French firm gets signal from crashed Egypt plane

Published: Updated:
(Kurush Pawar / CC BY-SA 2.0)

CAIRO (AP) – A French ship has detected the signal from a black box recorder on the EgyptAir plane that crashed into the Mediterranean Sea last month, a development that could bring investigators closer to explaining the crash, which killed all 66 people on board.

Once the search teams determine their exact location, they will use sophisticated equipment, including robots, to recover the flight data and voice recorders — believed to be 3,000 meters (9,800 feet) beneath the sea. The recorders’ location could point to the whereabouts of the bulk of the wreckage.

Analyzing the recorders could reveal whether a mechanical fault, a hijacking or a bomb caused the aircraft to disappear from radar and plunge into the sea two weeks ago.

COMBING THE SEAS

Ships and planes from Egypt, Greece, France, the United States and other nations have been combing the Mediterranean north of the Egyptian port of Alexandria for the jet’s voice and flight data recorders, as well as more bodies and parts of the aircraft.

The French naval ship Laplace, a research vessel that specializes in underwater searches, has picked up the signal of a detector attached to one of the recorders of flight MS804, according to the Alseamar company, which operates the onboard equipment.

A second ship, the SV John Lethbridge, which is affiliated with the Deep Ocean Search firm, will join the search later this week. The 75-meter-long survey vessel is equipped with sonar and a remotely operated underwater vehicle that can search up to 6,000 meters deep.

Egypt’s President Abdel-Fattah el-Sissi said an Oil Ministry submarine will head to the crash site to search for the black boxes, but Ayman al-Moqadem, the head of the investigation team, said the submarine is not equipped to detect flight recorder signals.

RECOVERING THE BLACK BOXES

Search teams will now work to find and recover the black boxes, which are mounted in the tail sections of planes and designed to survive crashes intact.

The black boxes should lead searchers to the crash site, which the investigation team believes to be within a 5-kilometer (3-mile) area. Then they’ll have to develop a plan for recovering the boxes.

“The main question now is how deep the black boxes are and what is the equipment capable of pulling them up,” said Tawfiq al-Assi, former head of EgyptAir. “It will be a huge challenge if the black boxes are resting at a depth of more than 3,000 (meters).”

Once the black boxes are retrieved, the search will continue for the rest of the wreckage.

WHAT THE RECORDERS CAN TELL US

The black boxes may help investigators determine what happened to the Airbus plane, which crashed hours after taking off from Paris on May 19 bound for Cairo.

Egypt’s civil aviation minister Sherif Fathi has said he believes terrorism is a more likely explanation than equipment failure or some other catastrophic event. But no hard evidence has emerged on the cause, and no militant group has claimed to have downed the jet. Earlier, leaked flight data indicated a sensor detected smoke in a lavatory and a fault in two of the plane’s cockpit windows in the final moments of the flight.

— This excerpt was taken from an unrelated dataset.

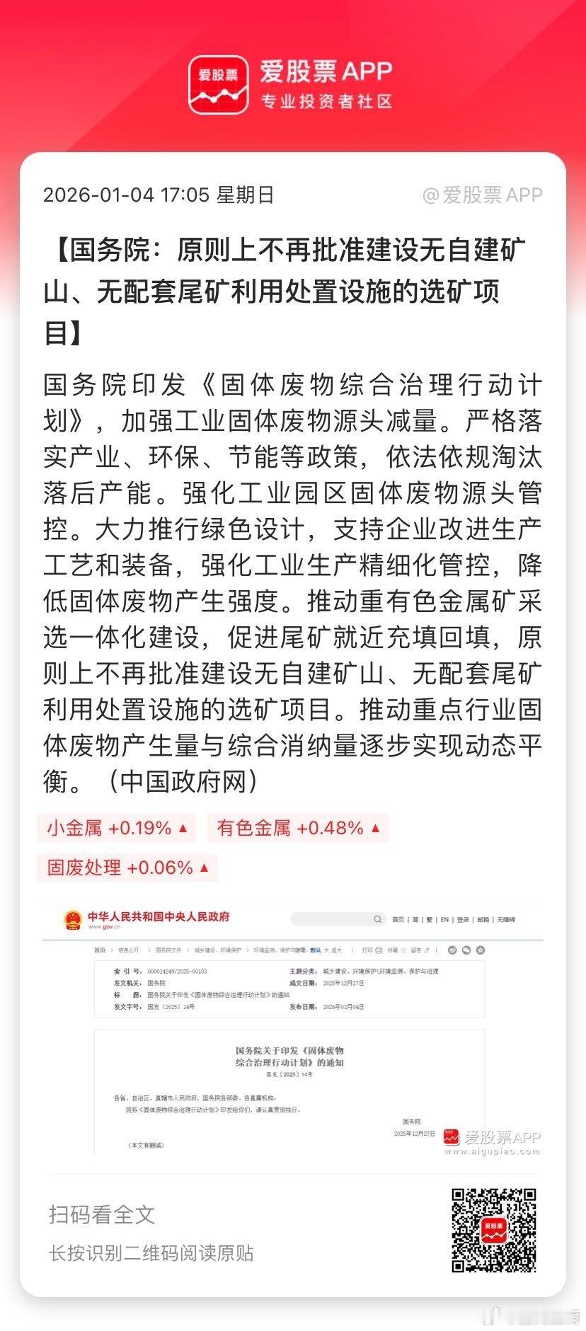 【国务院:原则上不再批准建设无自建矿山、无配套尾矿利用处置设施的选矿项目】国务院印发《固体废物综合治理行动计划》,加强工业固体废物源头减量。严格落实产业、环保、节能等政策,依法依规淘汰落后产能。强化工业园区固体废物源头管控。大力推行绿色设计,支持企业改进生产工艺和装备,强化工业生产精细化管控,降低固体废物产生强度。推动重有色金属矿采选一体化建设,促进尾矿就近充填回填,原则... 网页链接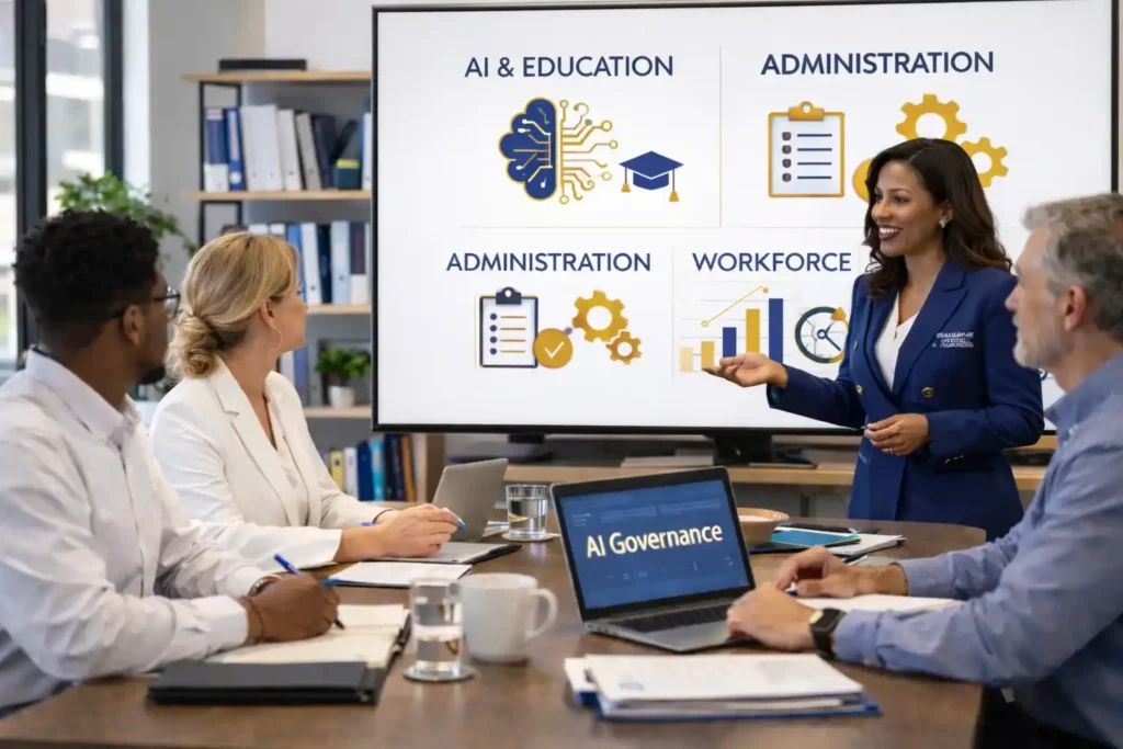 Educational institutions and workforce systems are adopting AI for learning platforms, administration, and workforce analytics. Governance ensures responsible AI use, data protection, and alignment with institutional policy frameworks.

The voice recorder should contain a record of the last 30 minutes in the cockpit, and is equipped to detect even loud breathing. The data recorder would contain technical information on the engines, wings and cabin pressure. Investigators hope the black boxes will offer clues as to why there was no distress call.

“The information will direct the investigation in a certain direction,” said Hany Galal, a retired pilot and plane crash investigator.